The LingPipe frequently asked questions are arranged below by topic.

General

Technical

Natural Language Processing

Miscellaneous

General

What is LingPipe?

LingPipe is a state-of-the-art suite of natural language processing tools written in Java that performs tokenization, sentence detection, named entity detection, coreference resolution, classification, clustering, part-of-speech tagging, general chunking, fuzzy dictionary matching. These general tools support a range of applications.

For more information see the feature list on the LingPipe home page.

Where is the LingPipe home page?

http://alias-i.com/lingpipe

Who makes LingPipe?

Alias-I, Incorporated makes LingPipe. For more information see the Alias-i home page.

How did Alias-i get started?

It began in 1995 as a collaboration between a group of graduate students at the University of Pennsylvania for the purposes of competing in the DARPA MUC-6 (Defense Advanced Research Projects Agency Message Understanding Conference) evaluation. That sparked a series of events which culminated in DARPA awarding a research contract under the TIDES (Trans-Lingual Information Detection Extraction and Summarization) program in 2000 to found Baldwin Language Technologies, which later changed its name to Alias-i.

After using LingPipe in our FactTracker and ThreatTracker products, we decided in September of 2003 that it was ready to be released to the world under our Royalty Free license (that included access to the source). In addition to working on MUC-6 and TIDES, we have participated in many DARPA projects ranging from the ACE (Automatic Content Extraction) and DUC (Document Understanding Conference) evaluations to the TIA (Terrorist Information Awareness) program.

In 2004, we picked up research funding from the United States National Library of Medicine (NLM), one of the US National Institutes of Health (NIH). Our grant is for text data mining over biomedical research literature.

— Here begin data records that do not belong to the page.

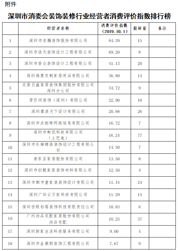 11月20日,深圳市消費者委員會(以下簡稱“深圳市消委會”)首次發布深圳市消委會裝飾裝修行業消費評價指數排行榜。榜單旨在敦促裝飾裝修行業經營者提升商品和服務質量,為消費者提供裝飾裝修消費指引,營造安全放心的消費環境。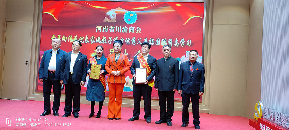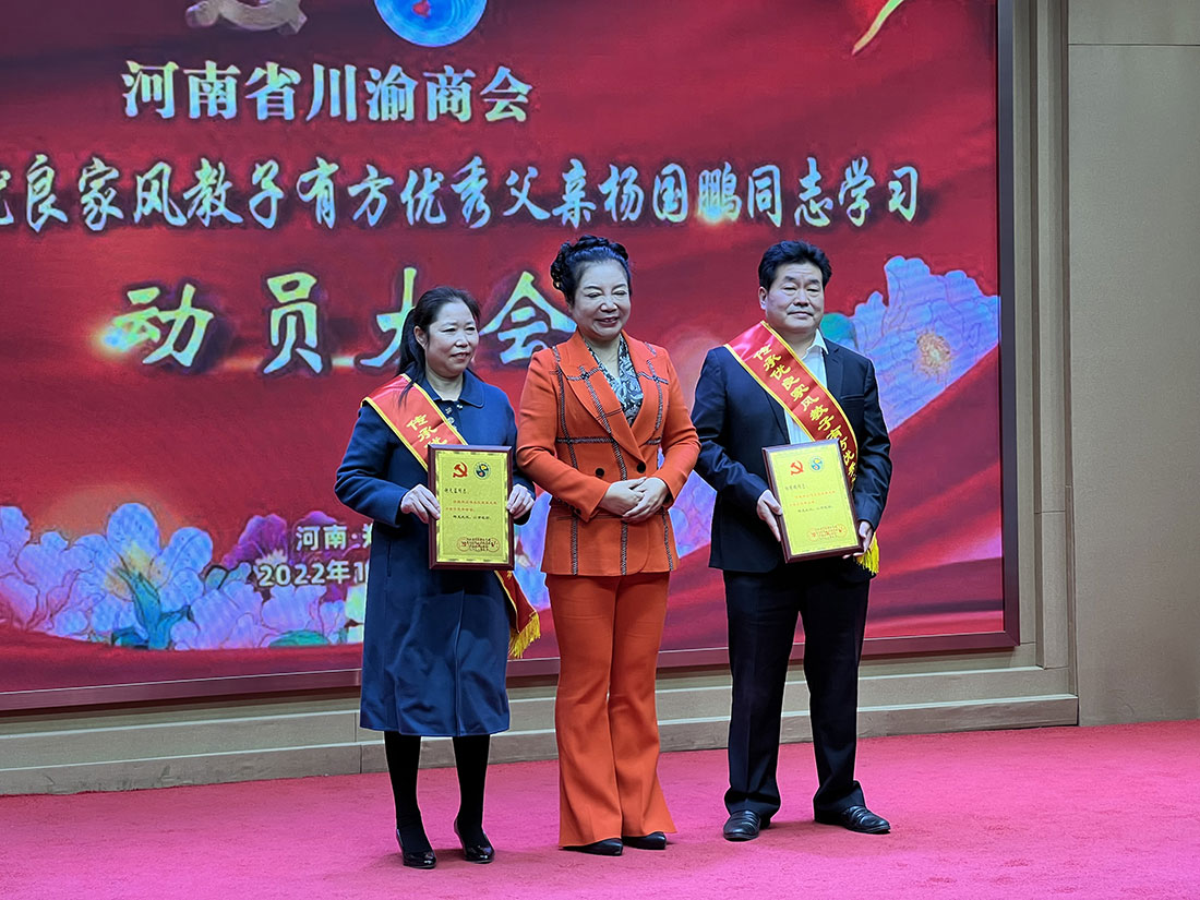 接着,党的二十大代表、河南省BB贝博艾弗森官方网站党委第一书记、会长薛荣,河南省BB贝博艾弗森官方网站党委书记、名誉秘书长王开凡,党委副书记、监事长黄永明,党委委员、执行会长罗光强和党委委员、郑州市新梦想职业培训学院党组织书记陈世伦给身披绶带、神采飞扬,荣获优秀父亲称号的杨国鹏、优秀母亲称号的谢天蓉同志颁发了铜牌,表示祝贺并合影。荣获优秀父亲称号的河南省BB贝博艾弗森官方网站副会长、河南省BB贝博艾弗森官方网站副食调味品分会执行会长、郑州国鹏商贸有限公司董事长杨国鹏作了表态发言,赢得全体与会人员热烈的掌声。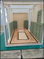 De vloer is een parketvloer met zwarte bies in het verstek gelegd.

Where can I download LingPipe?

The LingPipe download page.

Why would I use LingPipe?

Developers building natural language processing applications including summarization, information extraction, full text search and machine translation will save development time by using LingPipe rather than building and refining their own tokenization, sentence detection, named entity detection and coreference resolution tools.

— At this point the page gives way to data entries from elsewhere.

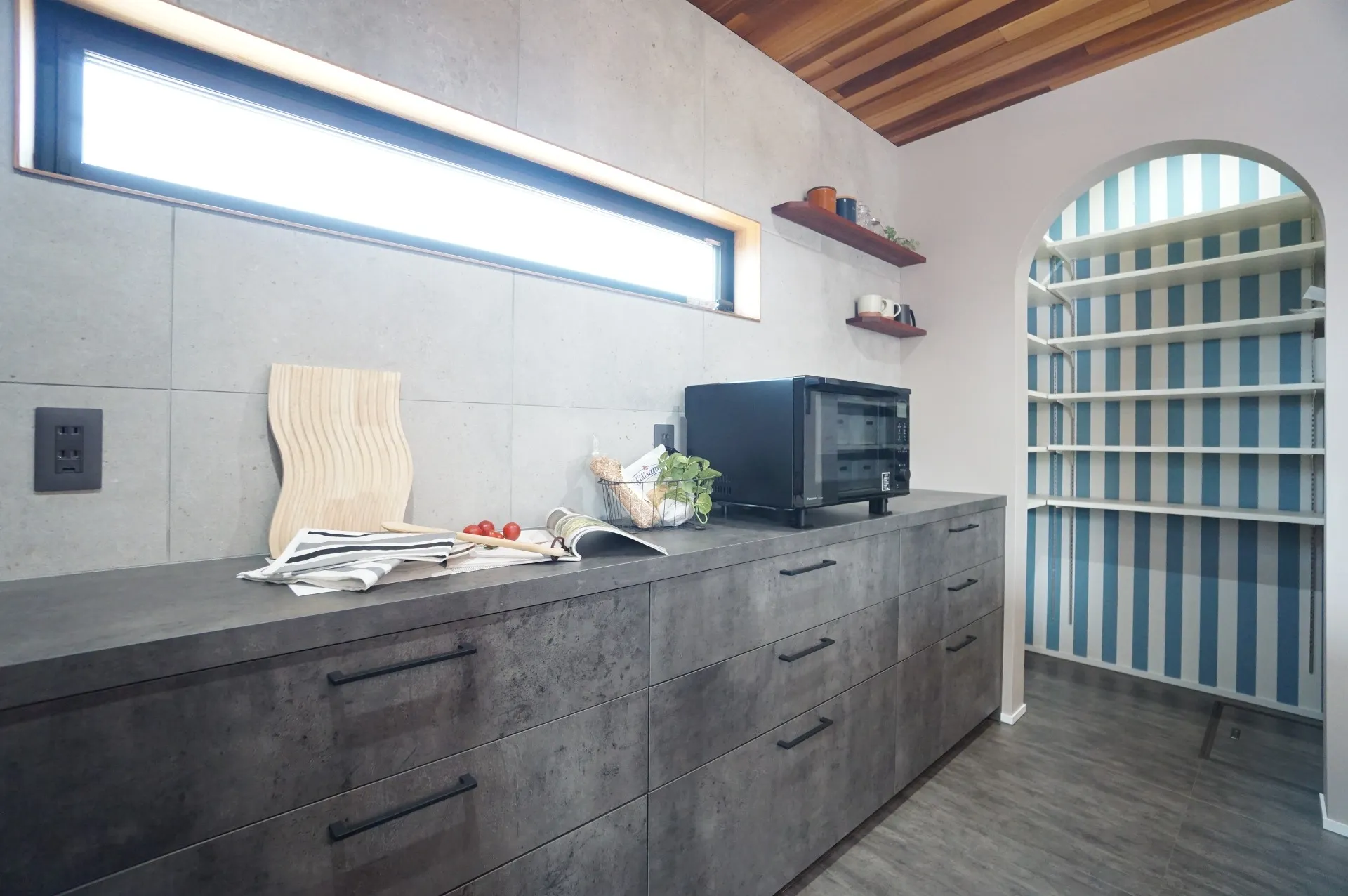 キッチンからすぐ手が届く場所に設けることで、料理の流れが止まらず、作業効率もアップ。家事の時短にもつながります。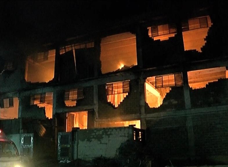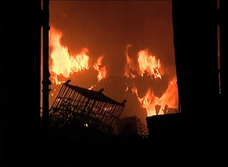 At least 10 nine fire tendersand one snorkel were taking part in extinguishing the blaze. Despite the efforts, fire was not put out and it intensified as plastic and other kinds of inflammable materials were there in the factories. Firefighters are yet to take control of the situation.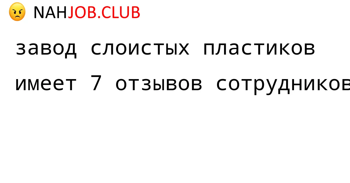 🔴 В базе Nahjob 1 отзыв и мнений бывших и действующих работников про ЗАВОД СЛОИСТЫХ ПЛАСТИКОВ по городу Архангельск . Это реальные отклики про зп, атмосферу, штрафы.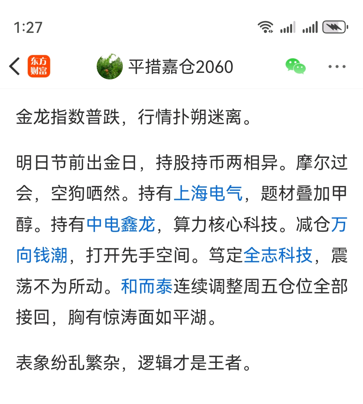 今天是最后出金日,总体仓位宜略减。节前按惯例缩量,可取舍。盘中减仓上海电气,底仓观望。开盘抛出中电鑫龙,落袋止盈。万向钱潮二浪开启,持仓待涨。摩尔三剑客初灵大众和而泰。一则十倍,一则龙头,一则中军。小幅加仓。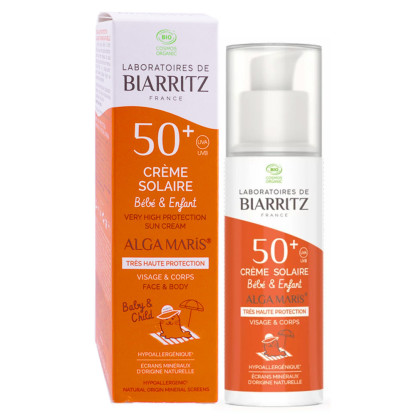 Crème Solaire SPF50+ Bébé Enfant ALGA MARIS à prix discount de LABORATOIRES DE BIARRITZ, la cosmétique française naturelle et bio dans votre parapharmacie en ligne, pour un soin très haute protection solaire pour protéger les peaux fragiles et sensibles des bébés et des enfants (à partir de 6 mois) Visage et Corps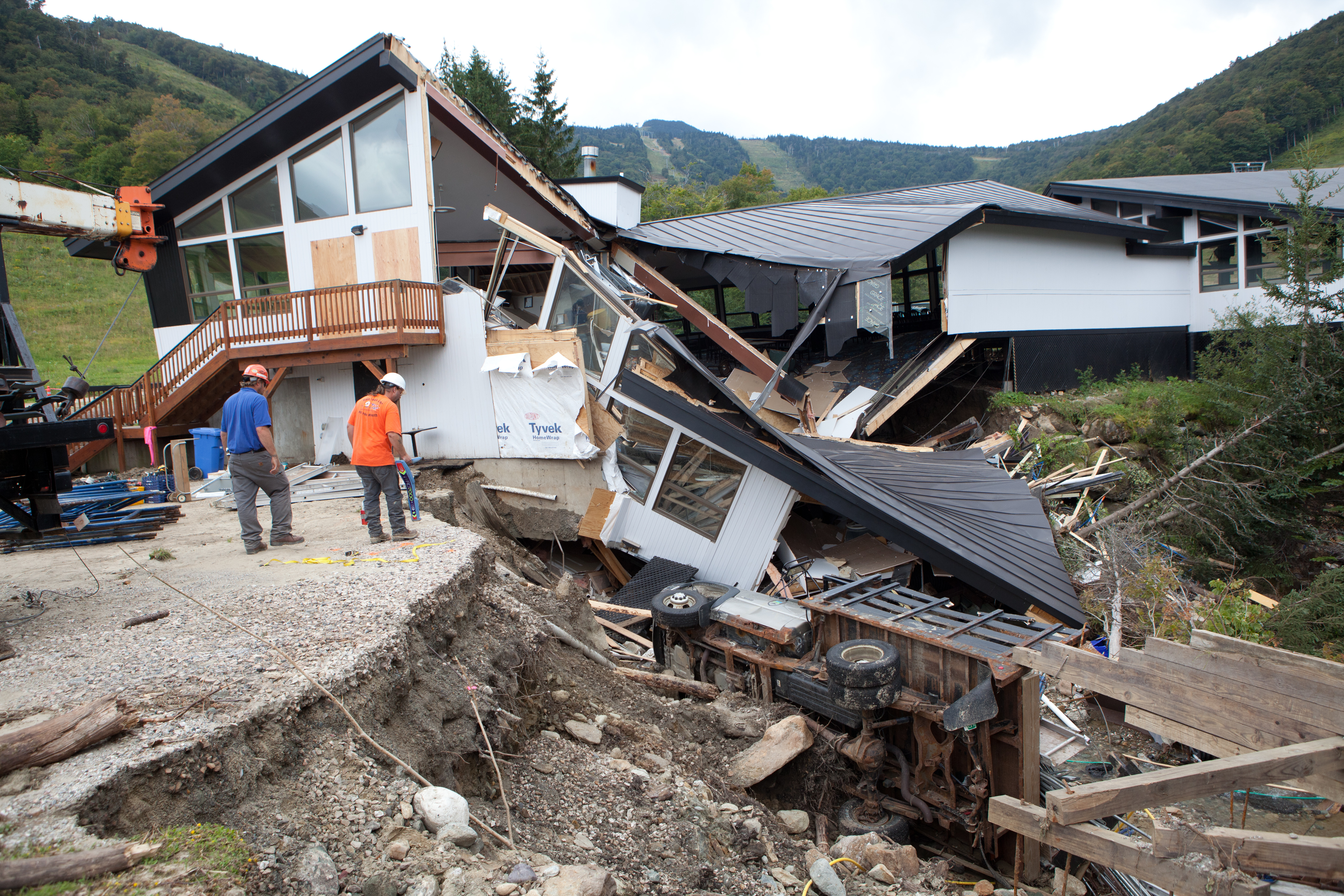 工人们在伊琳飓风过后的佛蒙特州基灵顿查看受洪水破坏的小屋。摄影师:斯科特·艾森/彭博社然而,尽管自伊琳飓风以来的十年间佛蒙特州取得了显著进展,但这些努力与未来面临的挑战相比微不足道。奥茨表示,大约75%的州内河流仍然与其历史洪水平原脱节;当发生极端降雨时,这些河流更有可能试图溢出,回到它们最初的洪水平原。盖格估计大约还有1万栋房屋需要被收购。

What is the hard nosed business case for LingPipe?

Your development team doesn't have the time to reinvent the wheel or to create robust, fast natural language processing tools as accurate as those in LingPipe. Using LingPipe you can finish your application sooner or with fewer developers or both. This translates into better bottom line results.

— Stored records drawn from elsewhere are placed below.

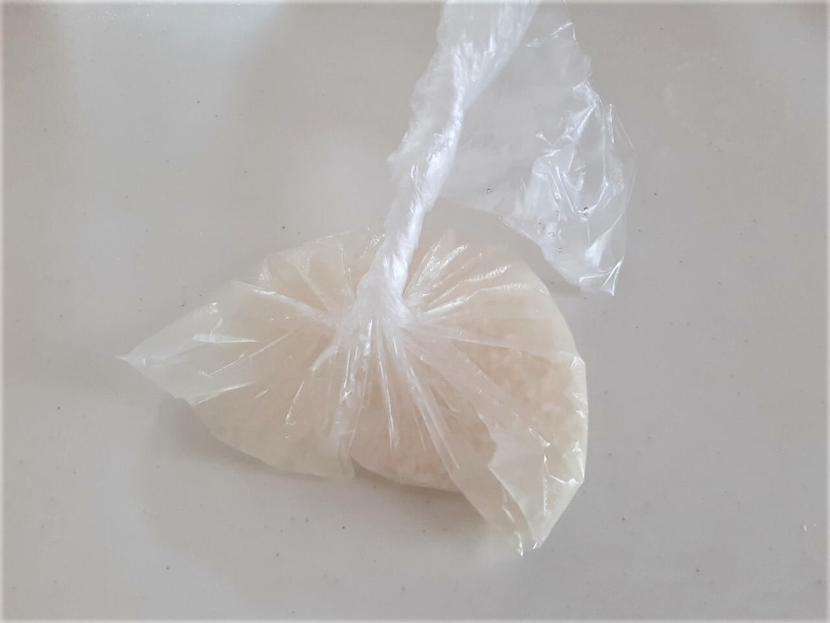 キッチンパックに米60g・水90mlを入れ30分吸水させます。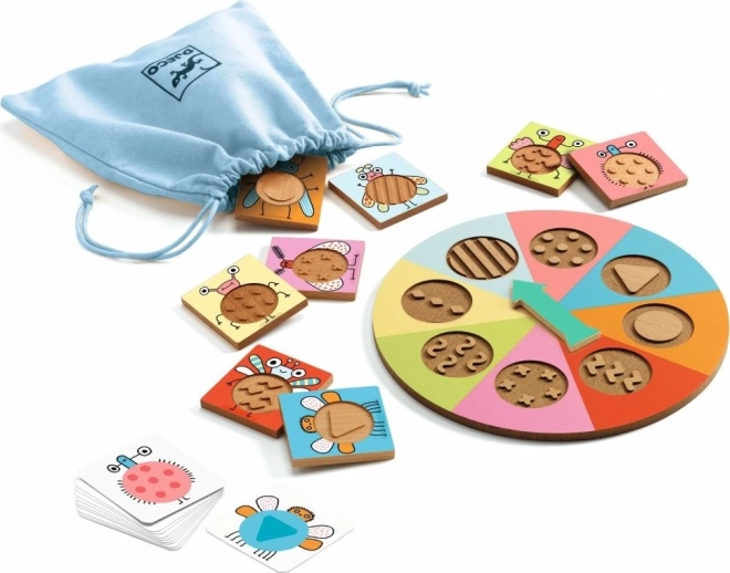 Il gioco Djeco Tactil Bzzz è progettato per bambini che stanno imparando a riconoscere diverse strutture e forme attraverso il tatto. Le regole del gioco sono semplici: Un giocatore gira la ruota e un altro giocatore cerca di trovare la tessera corrispondente usando solo il tatto. L'obiettivo è raccogliere il maggior numero di carte insetto.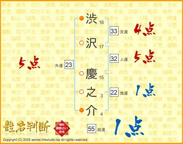 渋沢慶之介さんの総運は55画の1点!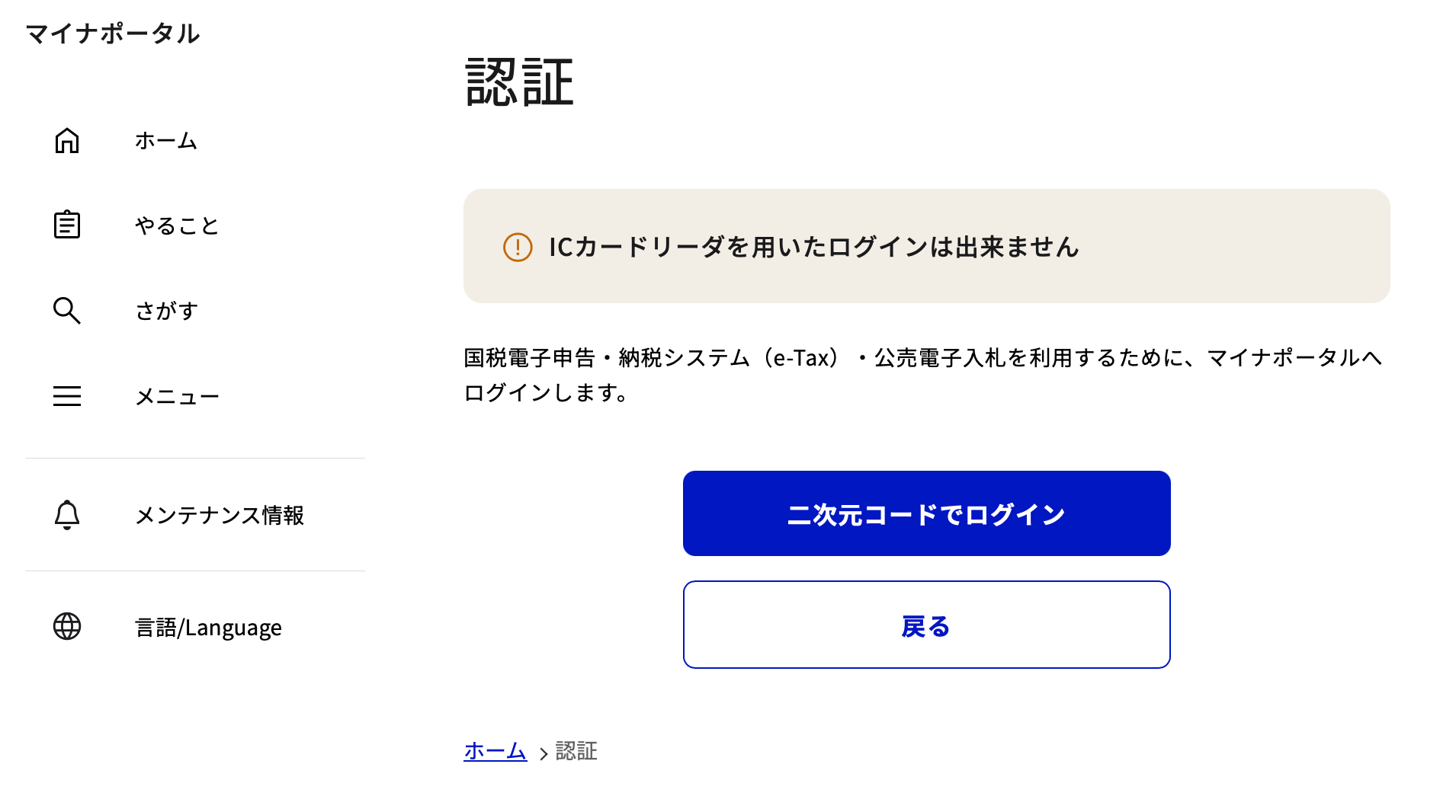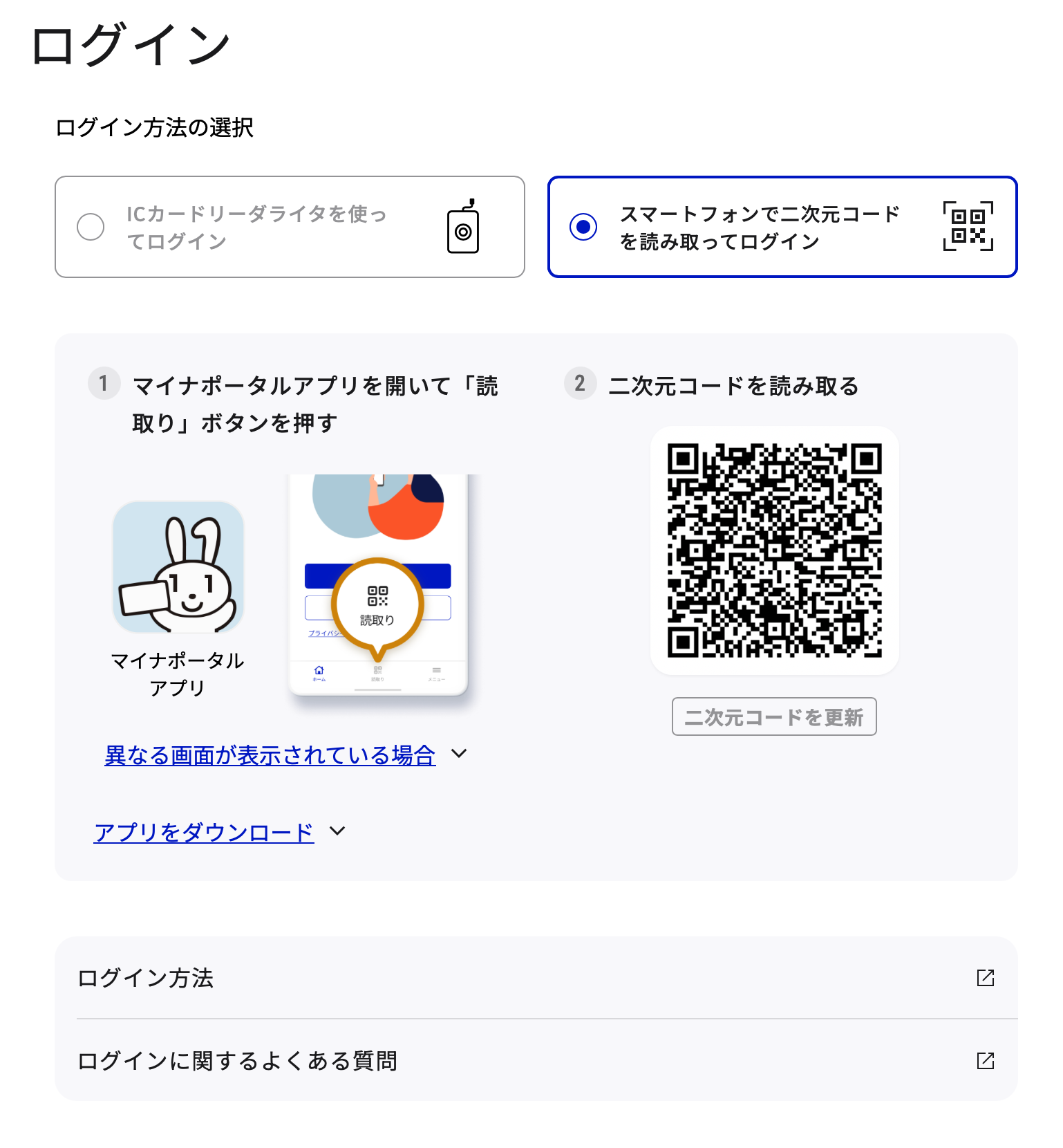 The 2 green buttons at the bottom ask you to choose which device you have, left for smartphone and right for IC chip reader. Most people would probably have a smartphone.

What is the warm fuzzy raison-d'etre for LingPipe?

LingPipe is available under a Royalty Free license designed to let researchers, application & tool builders incorporate LingPipe into their own projects. We release our source as well since it is an important part of understanding what the algorithms do. Under this license you can also use LingPipe to annotate your document collection as long as the contents of the document collection are made freely available to the public. You'll sleep better knowing you're using state-of-the-art tools from a company that cares both about staying in business and building great tools that other people use.

Technical

How do I report a LingPipe bug?

See the LingPipe bug report page.

What sorts of named entities does LingPipe recognize?

This depends on what model is being used. The "standard" model supplies People, places, organizations and GSP (GeoSpatial Political Entity). This can be changed if the named entity detector is retrained.

What kind of input does LingPipe take?

LingPipe is neutral with respect to input; it processes text in unicode and supports a range of character sets and input formats, including HTML, XML and plain text.

What platforms does LingPipe run on?

LingPipe will run on any platform that supports a Java Virtual Machine (JVM), version 1.4 or higher. It's been extensively tested on Windows XP, Win64, Linux, 64-bit Linux, and Macintosh OS X.

See the LingPipe installation page for more details about the required components.

How fast is LingPipe?

Very fast. For our statistical models, the CPU is typically waiting on memory, not on Java computations. For heuristic models, we're typically waiting on disk access. LingPipe's tight loops are written very much like they'd be written in C.

The new (1.4.2 and on) Hotspot compilers do an impressive amount of partial evaluation (aka unfolding or inlining) based on the runtime evaluation of the running code. That's eliminated the most time-consuming profile/unfold step in optimization.

An exact answer in terms of megabytes/minute depends on which module of LingPipe you're evaluating, which version of Java you're running and on what platform/load, how fast your memory is, whether models are dynamic or compiled, and the particular shape of the run time task such as number of characters, number of tags and sentence length.

We provide benchmark data as part of some of our tutorials.

What are the memory requirements for LingPipe?

LingPipe is designed to run on servers with shared memory. A tighter answer depends on several factors, ranging from the task being computed to the amount of caching performed. All of the demos run in 512MB of memory.

How many documents can LingPipe handle?

LingPipe doesn't store documents, so there is no limit to the number of documents LingPipe can handle. It runs multi-threaded, so it can handle many documents simultaneously, but performance is limited by CPU bandwidth.

What languages/character sets does LingPipe support?

LingPipe supports Unicode and can process documents in any language with Unicode support. This includes almost all of the major human languages, and even some non-human languages such as Klingon.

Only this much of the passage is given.